Bus, train and launch terminals in Dhaka witnessed a mad rush on Friday as holidaymakers continued frenetic departure from the city defying all the hassles of journey involved to celebrate Eid with families in their country homes.
Passengers, mostly garment workers from Savar, Ashulia and Gazipur, headed home in overcrowded buses, many of them riding on the roofs.
Eid-ul-Fitr will be celebrated either on August 19 or on August 20 depending on sighting of the moon.
Three inter-district bus
terminals in the city – Gabtali, Mahakhali and Sayedabad – and the Sadarghat launch terminal remained crowded with passengers leaving the city.
The passengers alleged that the bus operators were still charging extra fare while missing their schedules causing further sufferings to the home-bound people.
Passengers were seen riding on the roofs of the overcrowded trains that left Kamalapur station on Friday, at every other station they stopped.
Many of the 42 trains, especially those bound for the northern districts, were late by two to seven hours, officials said.
Traffic remained halted for about two hours from 6:30am on Dhaka-Tangail highway after a bus went out of order at Mirzapur in Tangail.

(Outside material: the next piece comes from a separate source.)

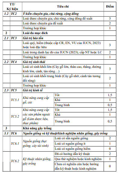+ Xác định tiêu chí: Nhóm tiêu chí 1 - Là loài cây lâm nghiệp bản địa ưu thế, gồm 2 tiêu chí: (1) Kiểu thảm thực vật loài phân bố; (2) Ý kiến chuyên gia, chủ rừng, cộng đồng; Nhóm tiêu chí 2 - Là loài đa mục đích, gồm 3 tiêu chí: (3) Giá trị bảo tồn; (4) Giá trị sinh thái; (5) Giá trị kinh tế; Nhóm tiêu chí 3 - Khả năng gây trồng, gồm 3 tiêu chí: (6) Nguồn giống và kỹ thuật/kinh nghiệm nhân giống, gây trồng; (7) Khả năng thích nghi với điều kiện vi lập địa tại khu vực phục hồi rừng; (8) Đặc tính sinh trưởng và khả năng tái sinh tự nhiên [8, 9];

Passengers remained trapped in a 30-km tailback stretching from Raipur to Eliotganj in Daudkandi on the Dhaka Chittagong highway for about six hours.
Overnight rain slowed the movement of traffic on the stretch of highway from Gazipur to Tangail, reports New Age correspondent in Gazipur.

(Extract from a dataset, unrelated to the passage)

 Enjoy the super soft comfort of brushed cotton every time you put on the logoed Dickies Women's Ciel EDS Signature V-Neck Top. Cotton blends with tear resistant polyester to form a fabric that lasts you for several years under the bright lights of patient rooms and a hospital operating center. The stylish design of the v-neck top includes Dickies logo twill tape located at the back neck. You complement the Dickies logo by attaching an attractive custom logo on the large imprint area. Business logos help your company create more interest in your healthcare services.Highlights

Tofazzel Hossain Liton, a dyeing factory employee, told New Age that he had travelled to Sirajganj from Gazipur on the rooftop of a bus as there was no room inside. ‘It took him over six hours to reach Sirajganj, almost double of the normal time, as there was traffic congestion on the road,’ he said over telephone.

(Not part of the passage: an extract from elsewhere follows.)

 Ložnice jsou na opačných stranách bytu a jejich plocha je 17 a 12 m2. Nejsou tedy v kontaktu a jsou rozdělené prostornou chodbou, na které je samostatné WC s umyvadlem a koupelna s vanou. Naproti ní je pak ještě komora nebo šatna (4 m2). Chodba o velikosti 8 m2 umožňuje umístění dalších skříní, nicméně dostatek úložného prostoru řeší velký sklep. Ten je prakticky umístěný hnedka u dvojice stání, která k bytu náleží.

‘I bought a bus ticket from Soukhin Paribahan for Tk 450, Tk 150 more than the normal fare. The bus was scheduled to leave Gabtali at 3:00pm,but it was delayed by two hours, leaving the terminal at around 5:00pm,’ said Khulna-bound passenger Md Riazul Islam.
Many passengers said that transport operators were using rundown buses on different routes.
Most of the launches that left Sadarghat terminal were overcrowded, carrying passengers even on the top-most deck. But most of them left the terminal ahead of schedule, said officials of Bangladesh Inland Water Transport Authority.
Nearly 100 launches left the terminal for 39 destinations in the southern region till 8:00pm, they said.